In [1]:
import pandas as pd

import numpy as np

import pickle

# Load Datasets

### Load Biological Process Terms

In [2]:
trainBP_terms=pd.read_pickle('../../../data/DeepGo/train-bp.pkl')

trainBP_terms=trainBP_terms[trainBP_terms['orgs']=='9606']

testBP_terms=pd.read_pickle('../../../data/DeepGo/test-bp.pkl')

testBP_terms=testBP_terms[testBP_terms['orgs']=='9606']

trainBP_terms.columns=['uniprot_ac', 'gos', 'labels', 'ngrams', 'proteins', 'sequences','orgs', 'embeddings']

testBP_terms.columns=['uniprot_ac', 'gos', 'labels', 'ngrams', 'proteins', 'sequences','orgs', 'embeddings']

# load DeepGO embeddings

In [3]:
embedding_size=256

trainProtein_weights = np.zeros((trainBP_terms.shape[0], embedding_size))

testProtein_weights = np.zeros((testBP_terms.shape[0], embedding_size))




In [4]:
trainBP_terms.columns

Index(['uniprot_ac', 'gos', 'labels', 'ngrams', 'proteins', 'sequences',
       'orgs', 'embeddings'],
      dtype='object')

In [5]:
for i in range(trainBP_terms.shape[0]):  
    trainProtein_weights[i]=trainBP_terms.iloc[i][7]
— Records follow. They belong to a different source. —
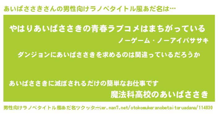あいばささきさんの男性向けラノベタイトル風あだ名をツクッター!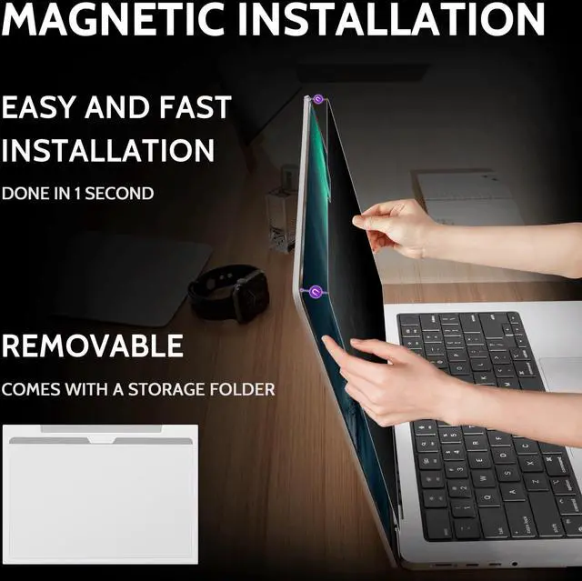SUPER EASY INSTALLATIONPeslv has designed an innovative magnetic mounting method in order to improve the installation of the MacBook privacy screen. The top of the MacBook Air privacy screen has a reinforced magnetic strip, which can be installed in a second by simply aligning it with the top bezel of the screen and gently pressing it. With Peslv privacy screen MacBook Pro 13 inch, you'll never be stuck in an awkward situation where you don't know how to install it!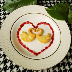 10.At this time, it is best to put it into the baking pan for shaping.The top is shaped into a swan head, and the bottom is the wings, as shown in the picture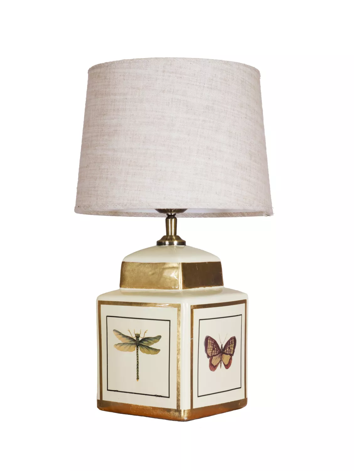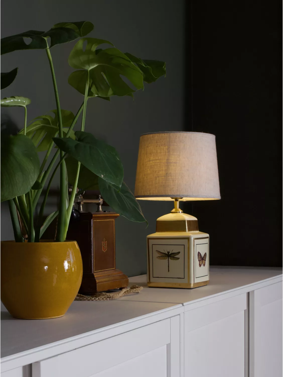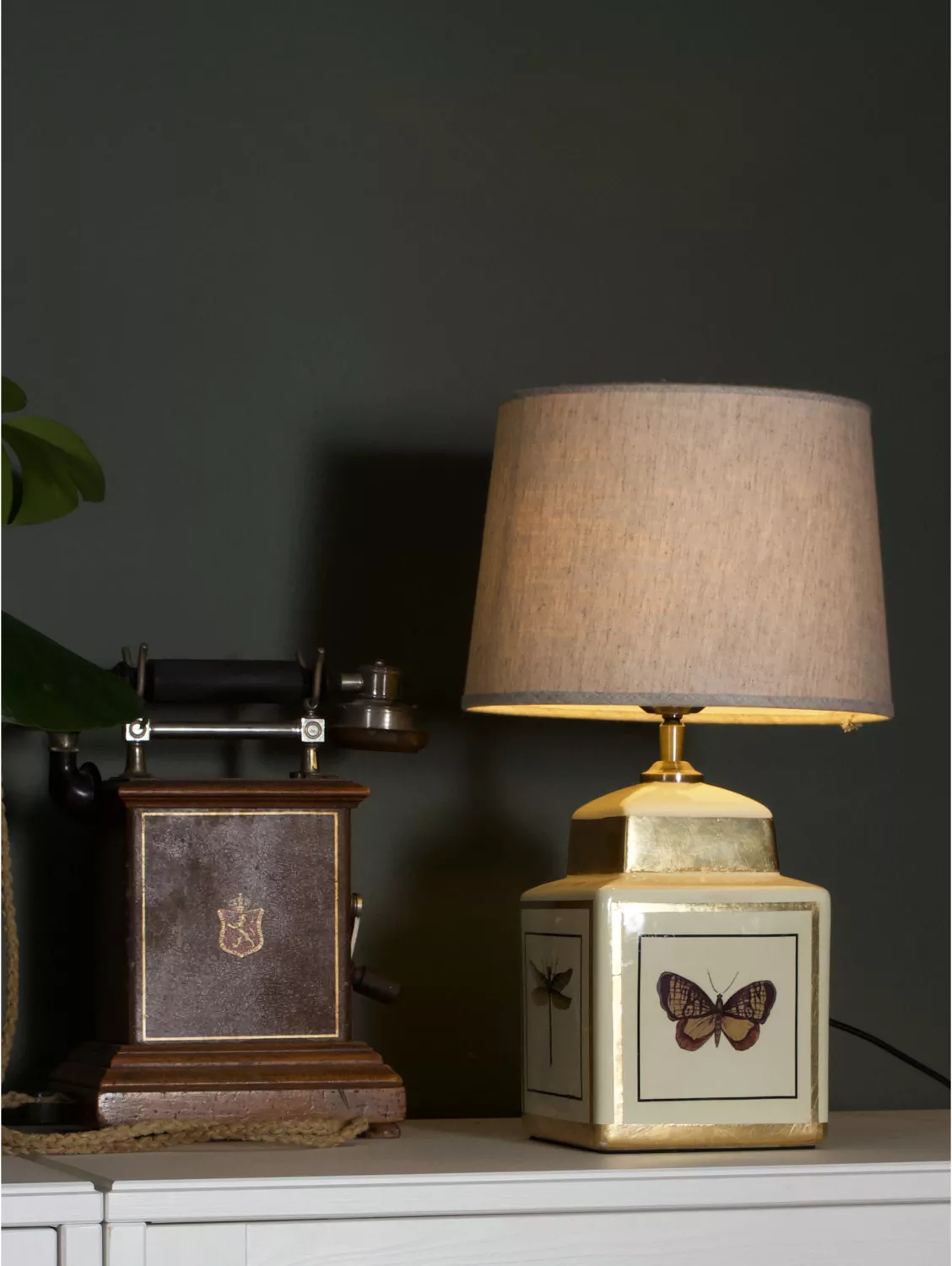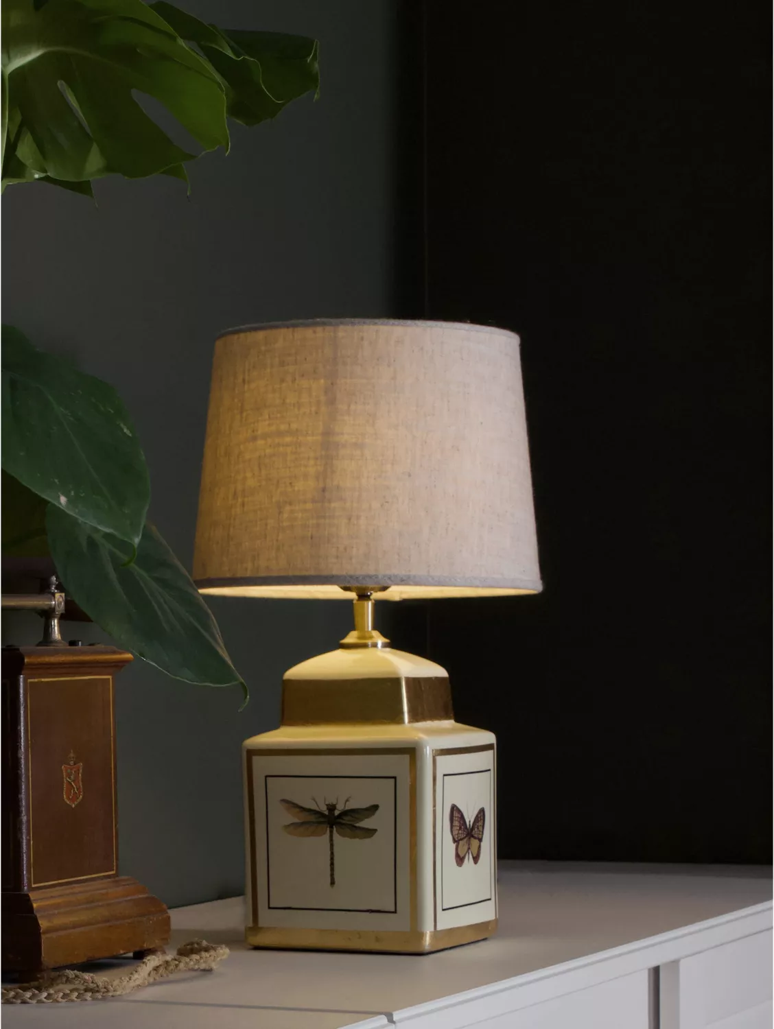 En keramisk bas i en mjuk gul nyans, prydd med handmålade pastellfärgade fjärilar och skimrande guldaccenter. Dess fyrkantiga siluett ger lampan ett rent, strukturerat utseende, medan de delikata färgerna och motiven tillför värme och lekfullhet. En raffinerad blandning av design och personlighet som passar perfekt på ett nattduksbord, fönsterbräda eller läshörna. Med en höjd på 45 cm och en skärm på 25 cm i diameter erbjuder lampan en kompakt, lättplacerad storlek som inte kompromissar med stilen. Den har en E27-sockel (max 40W) och levereras med en 180 cm lång svart textilsladd med EU-kontakt. Strömbrytaren är placerad 50 cm från basen för enkel åtkomst. Ljuskälla säljs separat. En liten lampa med en djärv närvaro – perfekt för att ge en touch av charm och individualitet till alla utrymmen.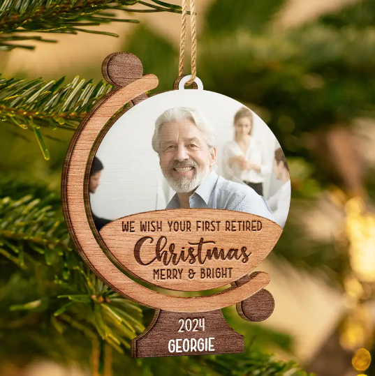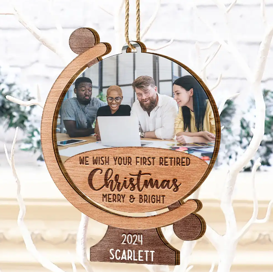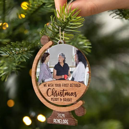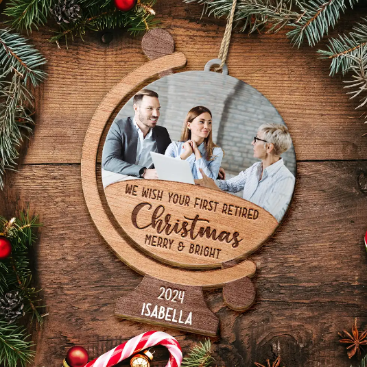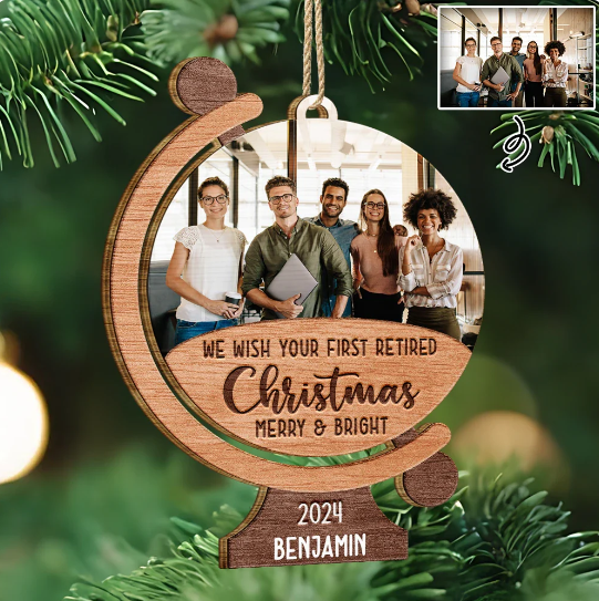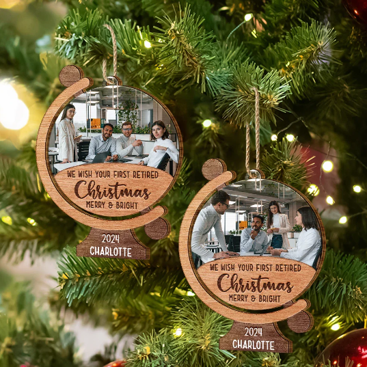 Custom Photo We Wish Your First Retired Christmas Merry & Bright - Personalized Custom Shaped Wooden Ornament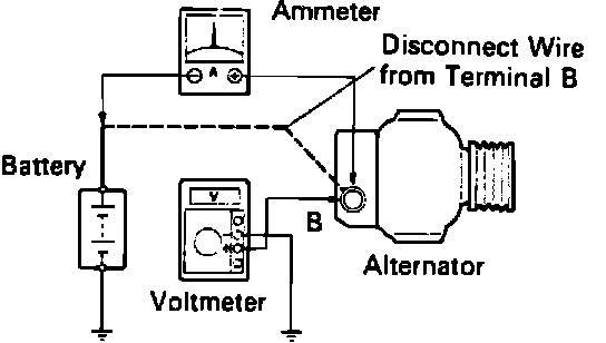 a. Disconnect wire from terminal B of alternator and connect it to (-) lead of ammeter.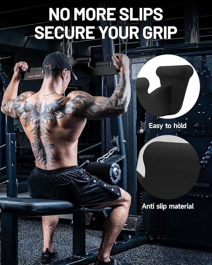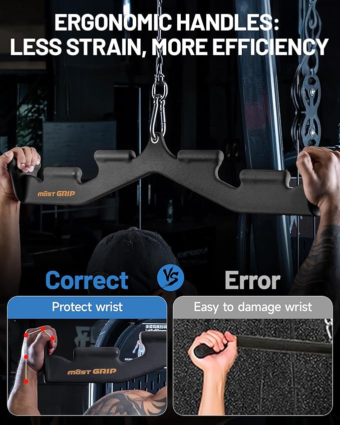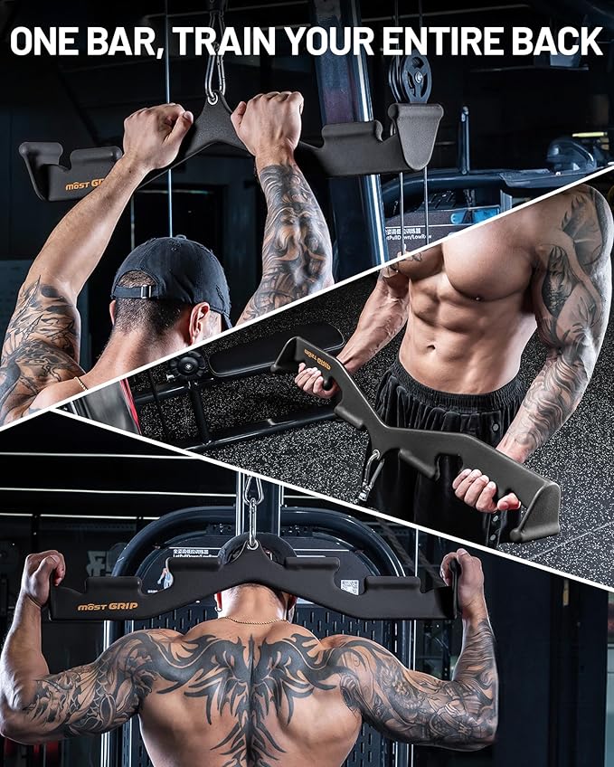 - 💪 Versatile 3-Grip Design for Total Back Development: Maximize your back workouts with the MOST GRIP Lat Pull Down Bar (Registration in process: US 29/959,858). With three grip positions—wide, narrow, and neutral—you can effectively target the lats, rhomboids, and teres for a complete upper body workout. Say goodbye to boring routines! This bar enhances back, biceps, and triceps, giving you a versatile workout in one tool.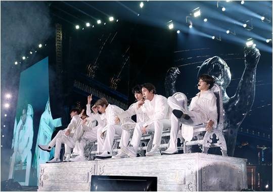 group BTS (BTS) held its world tour Love yourself: Speak yourself at 7:30 p.m. on the 11th (local time) at The International AT & T Stadium (King Fahd International Stadium, hereinafter Riyad AT & T Stadium) in Saudi Arabia RSELF: SPEAK yourself is singing Dionysus.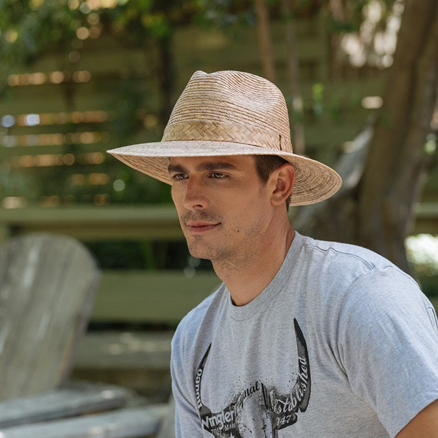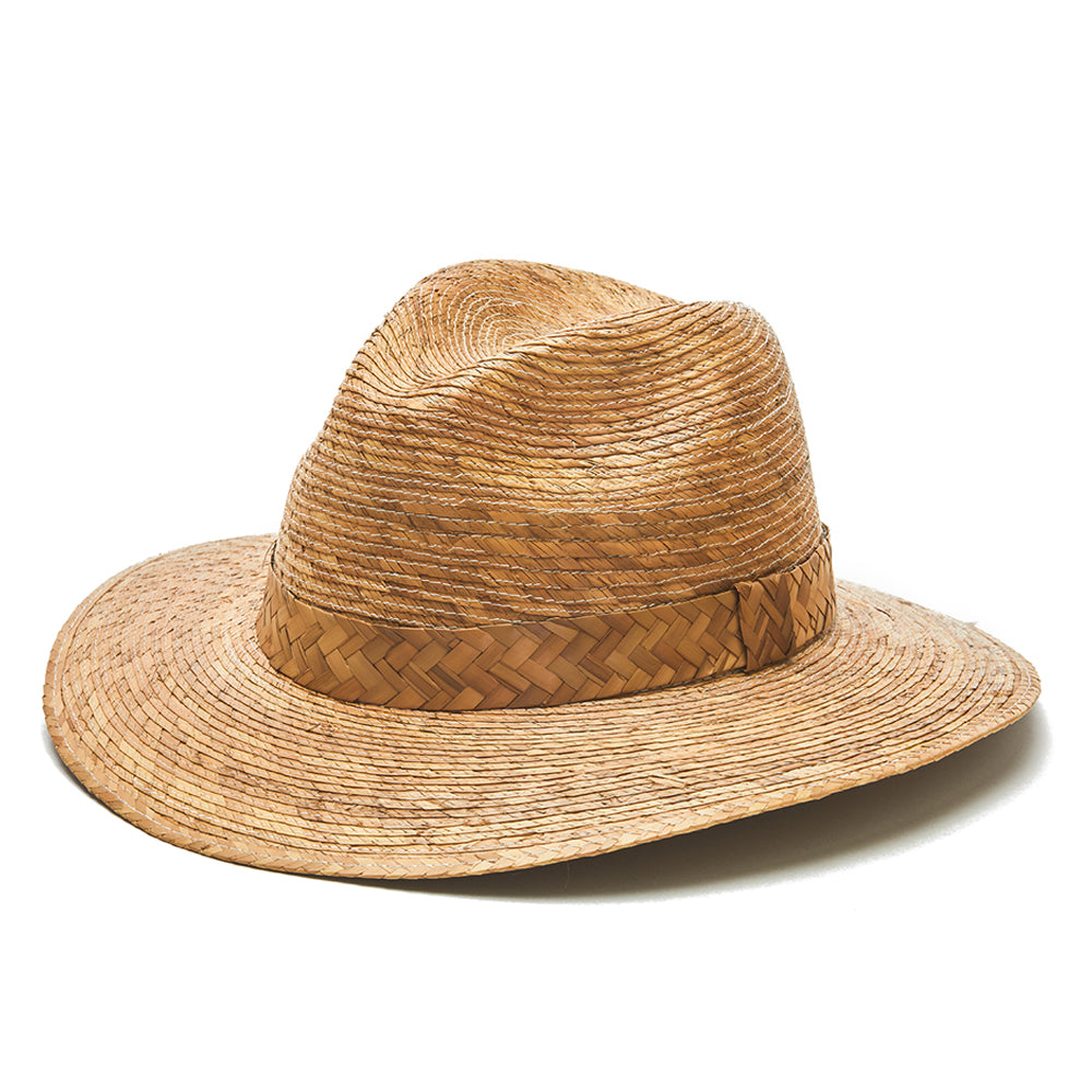 PETER offers maximum sun protection for the beach, with a durable U.V. fabric and an elastic fit band. The decorative leather band and Palm Leaf Collection add a stylish touch. Look great and stay safe in PETER.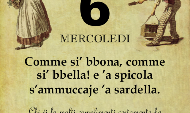 ‘O PRUVERBIO D’ ‘O JUORNO. Mercoledì 6 settembre 2017 06/09/2017 binews.it ATTUALITA', Il Proverbio del Giorno 0 Comme si’ bbona, comme si’ bbella! e ’a spicola s’ammuccaje ’a sardella. Chi ti fa molti complimenti certamente ha intenzione di fregarti in qualche modo.

for i in range(testBP_terms.shape[0]):  
    testProtein_weights[i]=testBP_terms.iloc[i][7]

In [6]:
X_train=trainProtein_weights
X_train=np.array(X_train)
Ytrain=trainBP_terms[['labels']]
Ytrain=Ytrain.labels.apply(pd.Series)
Ytrain=np.array(Ytrain)

X_test=testProtein_weights
X_test=np.array(X_test)
Ytest=testBP_terms[['labels']]
Ytest=Ytest.labels.apply(pd.Series)
Ytest=np.array(Ytest)


# +++++++++++++++++++++++++++++++++++++++++++++

### Train and Evaluate the model

In [10]:
import sys
sys.path.append('../../../utils/')

from sklearn.model_selection import StratifiedKFold

from  model import feedForward_classifier

import keras

from sklearn.metrics import label_ranking_average_precision_score

from numpy import arange

from sklearn.metrics import f1_score


In [11]:
random_seed=13

In [12]:
num_classes=Ytrain.shape[1]

In [14]:
model=None
model = feedForward_classifier(num_classes,embedding_size)

In [15]:
history=model.fit(X_train, Ytrain, epochs=100, batch_size=32,verbose=0)
YtestPredicted_raw=model.predict(X_test)
avePrec =label_ranking_average_precision_score(Ytest, YtestPredicted_raw) 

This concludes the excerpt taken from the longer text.